Contesting the Colonial Dichotomy of Centricity and Margins and the Hegemony of Authorial Discourse: Postcolonial and Postmodern Concerns in Peter Carey’s Jack Maggs
DOI:
https://doi.org/10.64846/d3ebfe39Keywords:
Postcolonialism, Writing Back, Counter-Discourse, Neo-Victorian Fiction, Postmodernism, Authorial AuthorityAbstract
Aim: This paper examines Peter Carey’s Jack Maggs as a postcolonial and postmodern rewriting of Charles Dickens’s Great Expectations. It aims to explore how Carey challenges colonial constructions of centre and margin, interrogates the authority of canonical literary discourse, and reclaims marginalised voices through the strategy of writing back to the British literary canon.
Methodology and Approach: The study adopts a qualitative textual and comparative approach grounded in postcolonial and postmodern literary theories. The paper examines the fictional representation of Tobias Oates, Carey’s counterpart to Dickens, to investigate questions of textual ownership, narrative authority, and the politics of literary representation.
Outcome: The analysis reveals that Jack Maggs destabilises colonial binaries of centre and periphery by repositioning the transported convict from the margins to the centre of the narrative. The novel challenges imperial assumptions regarding Australia as a penal colony while simultaneously exposing the mechanisms through which canonical authors appropriate and shape subordinate voices.

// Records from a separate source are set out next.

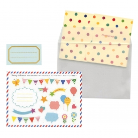 シンプルな無地のメッセージカードと、うっすらストライプ調の模様が入ったミューズコットン紙封筒のセットです。カードはA6サイズで、プリンタでの印刷にも対応。2つ折りにして封筒に入れてお贈りください。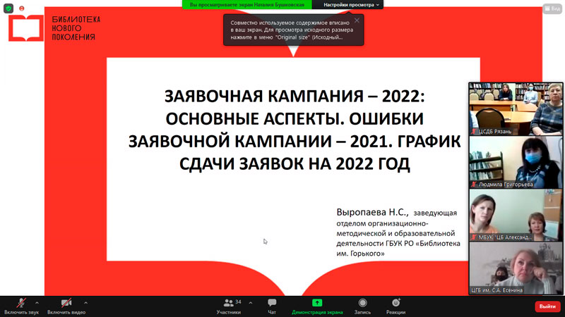 С приветственным словом к участникам обратилась Наталья Гришина, директор библиотеки им. Горького, руководитель регионального проектного офиса. Надежда Выропаева, заведующая отделом организационно-методической и образовательной деятельности, выступила с презентацией «Заявочная кампания – 2022: основные аспекты. Ошибки заявочной кампании – 2021. График сдачи заявок на 2022 год».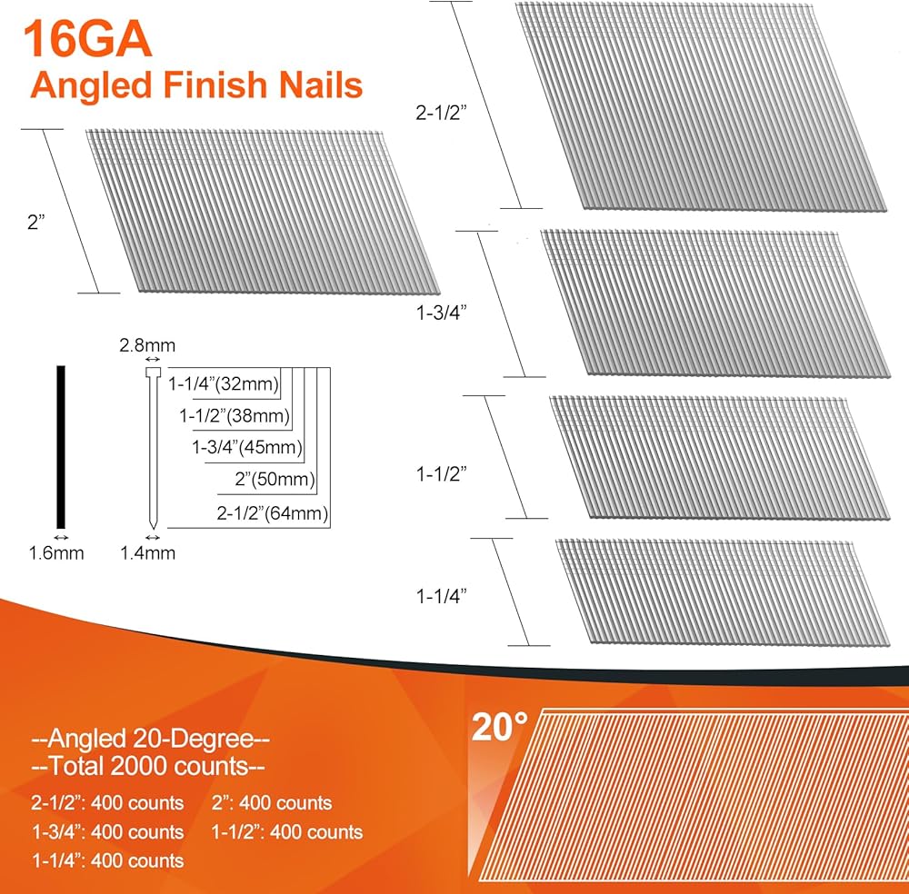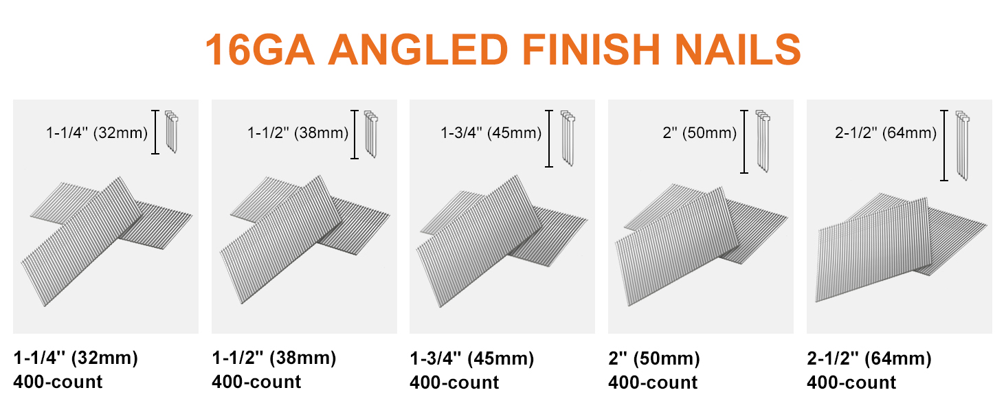 【مجموعة أظافر الكل في واحد】- تتضمن هذه المجموعة 5 أحجام من المسامير المجلفنة ذات 16 قياس 20 درجة (2-1/2 بوصة، 2 بوصة، 1-3/4 بوصة، 1-1/2 بوصة، 1-1/4 بوصة - 400 قطعة لكل منها). توفر الأحجام المختلفة يمكن أن يلبي احتياجات التثبيت المختلفة الخاصة بك ويساعدك على حل المشاريع المختلفة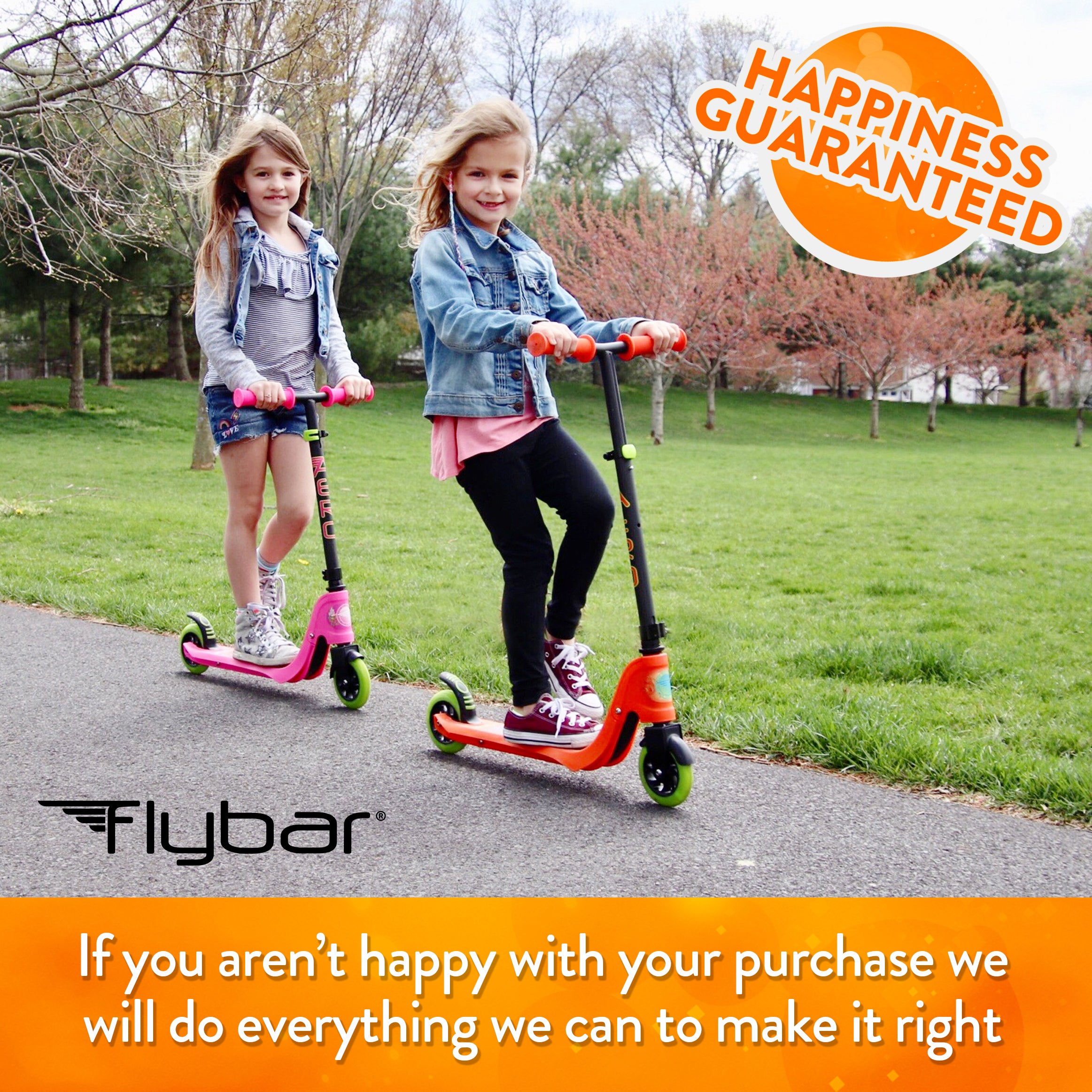 Comfortable Flybar handle grips with adjustable to handlebars to accommodate smaller and larger children with settings for 27.5” and 32”. Unique and colorful grip tape ensures maximum stability and control while giving the scooter a cool look! Available in blue, orange and pink featuring their own unique grip tape design.
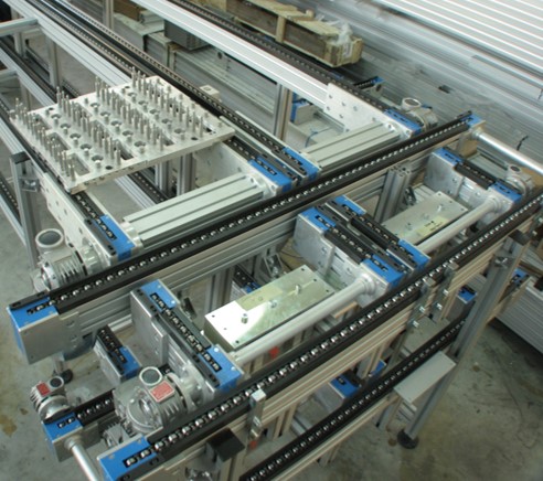 The roller chain is suitable for large, heavy work piece pallets. The accumalation of rollers doesn't only reduce the accumalation pressure on stoppers, but also enables a quick return to the transport speed from workstations.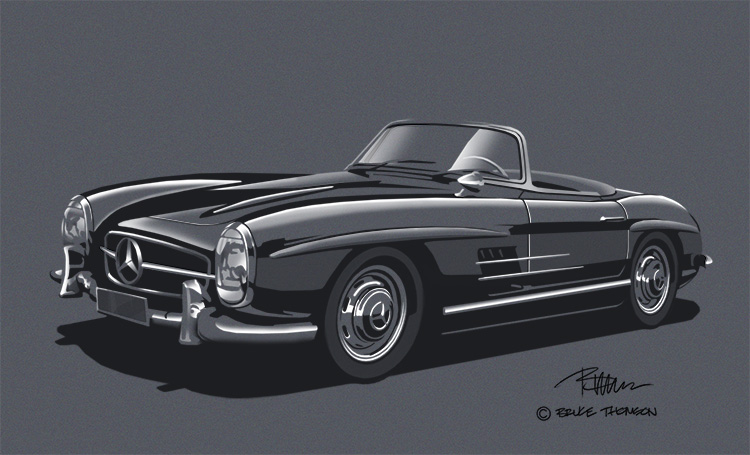 “Coloured paper” is in quotes – as this is entirely digital. This is an old Industrial Design rendering technique I teach my students (for “real” examples of this see my website under “renderings”). It’s a tricky one to learn and hard to do correctly – however, it works amazingly in the digital format. Essentially you take your sketch in, establish a “paper” (or background) colour and then simply dodge and burn, or alternatively, render in black and white. I suspect I’ll be knocking off a couple of these in the next few weeks…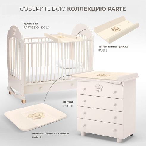Покупатели могут выбрать матрасик-накладку белого или бежевого цвета. Изделия украшены рисунком, который соответствует одной из коллекций детской мебели Nuovita. Любой из очаровательных принтов, которые являются фирменным знаком бренда, понравится малышу и поможет создать в детской радостное настроение.

Conclusion and Suggestions: The study concludes that Jack Maggs functions as a powerful postcolonial counter-discourse and a sophisticated postmodern interrogation of authorial authority. Future research may further investigate the intersections of postcolonial rewriting, neo-Victorian fiction, and metafictional strategies in contemporary literature to understand their role in reshaping literary and cultural memory.